* Exercise requirements *
Leaving out the pictures, retype the lines from the beginning of the listing through the line containing "Oboustranná šála na".

* Available data *
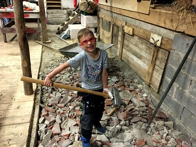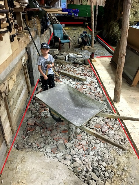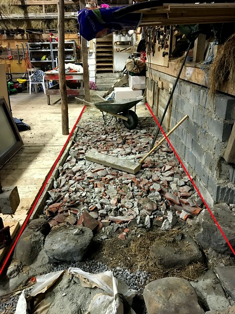 Här är den del av den gamla logen som skall göras om, vy åt söder. Spett och slägga bryter sönder den gamla betongen bra. De stora stenarna i bildens nedre kant var avgränsningen mot löshöet förr. Det var även i detta mörka hörne jag hittade det gamla tröskverket och rensmaskinen.
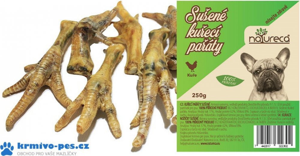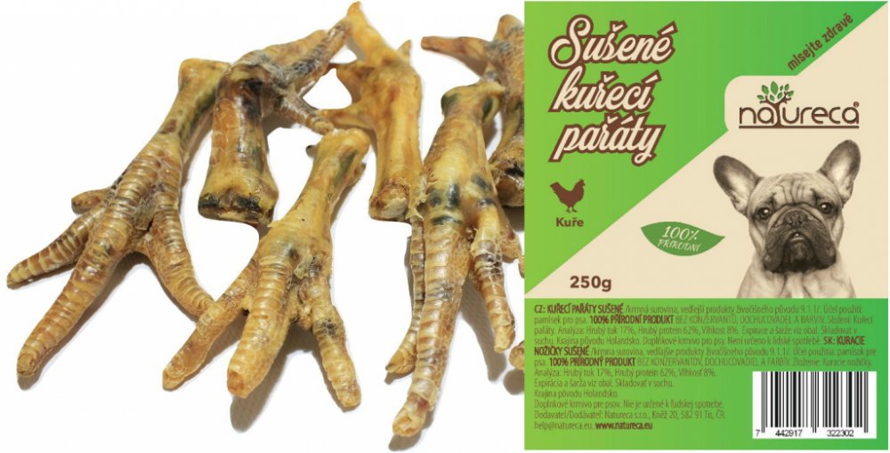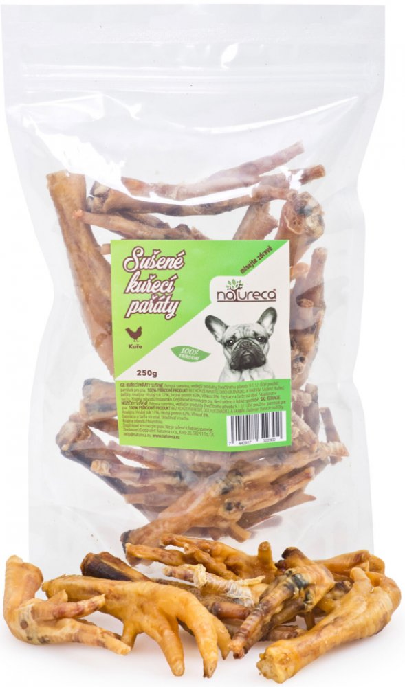 NATURECA pochoutka Kuřecí pařáty sušené 250g - Doplňkové krmivo pro psy. Kuřecí pařáty sušené 250 g. - KUŘECÍ PAŘÁTY SUŠENÉ 250 gr./krmná surovina/
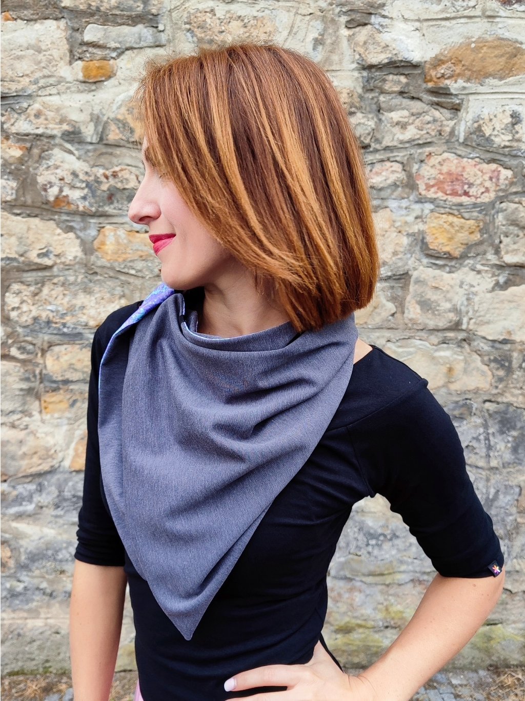 Oboustranná šála na knoflík se hodí od podzimu do jara. Je hřejivá.
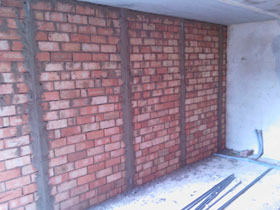- в зависимости от длины правИла, какое у вас имеется, размечаете стену на участки (не более 2-х метров) вертикальными линиями. Для "горбатой" стены отсчет начинаете от линий на выступах. Советую для для штукатурки пользоваться h-образным правИлом длиной 2.5м Оно прочнее, удобнее и имеет значительно меньший прогиб, чем трапециевидное;

* Result of this exercise *
 Här är den del av den gamla logen som skall göras om, vy åt söder. Spett och slägga bryter sönder den gamla betongen bra. De stora stenarna i bildens nedre kant var avgränsningen mot löshöet förr. Det var även i detta mörka hörne jag hittade det gamla tröskverket och rensmaskinen.
 NATURECA pochoutka Kuřecí pařáty sušené 250g - Doplňkové krmivo pro psy. Kuřecí pařáty sušené 250 g. - KUŘECÍ PAŘÁTY SUŠENÉ 250 gr./krmná surovina/
 Oboustranná šála na knoflík se hodí od podzimu do jara. Je hřejivá.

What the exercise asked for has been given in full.